Add missing MatMulInteger int8 x uint8 support (#26744)
### Description
<!-- Describe your changes. -->
This PR adds support for the `MatMulInteger` operator when
input `A` is `int8` and input `B` is `uint8`, and adds unit tests
to cover this type combination.
According to the ONNX specification for `MatMulInteger`, the type
constraints are:
- `T1 ∈ {int8, uint8}`
- `T2 ∈ {int8, uint8}`
- `T3 = int32`
This means all four combinations `(T1, T2) = (int8,int8), (int8,uint8),
(uint8,int8), (uint8,uint8)` are valid. However, the implementation
was missing the `(int8, uint8)` registration, which caused a
`NOT_IMPLEMENTED` error at runtime for such models.
This PR aligns the kernel registration and tests with the ONNX spec.
### Motivation and Context
<!-- - Why is this change required? What problem does it solve?

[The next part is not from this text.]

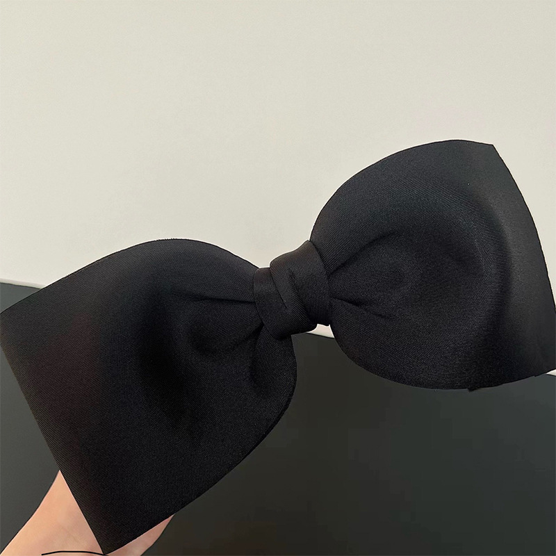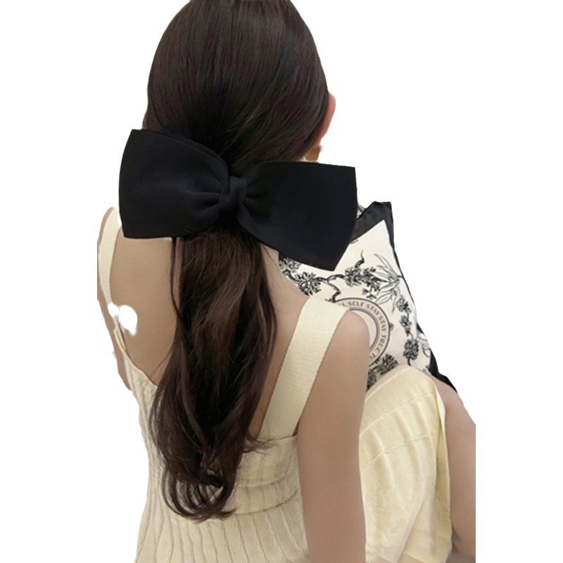 复古简约黑色超大蝴蝶结发夹女法式极简风盘发鸭嘴夹发卡后脑勺夹

- If it fixes an open issue, please link to the issue here. -->
Fixes [#26743](https://github.com/microsoft/onnxruntime/issues/26743)
### Testing
- Added unit tests for the `A=int8, B=uint8` combination:
- `MatmulIntegerOpTest.MatMulInteger_int8_uint8_2D`
- `MatmulIntegerOpTest.MatMulInteger_int8_uint8_PerColumn_ND`
- All tests pass locally.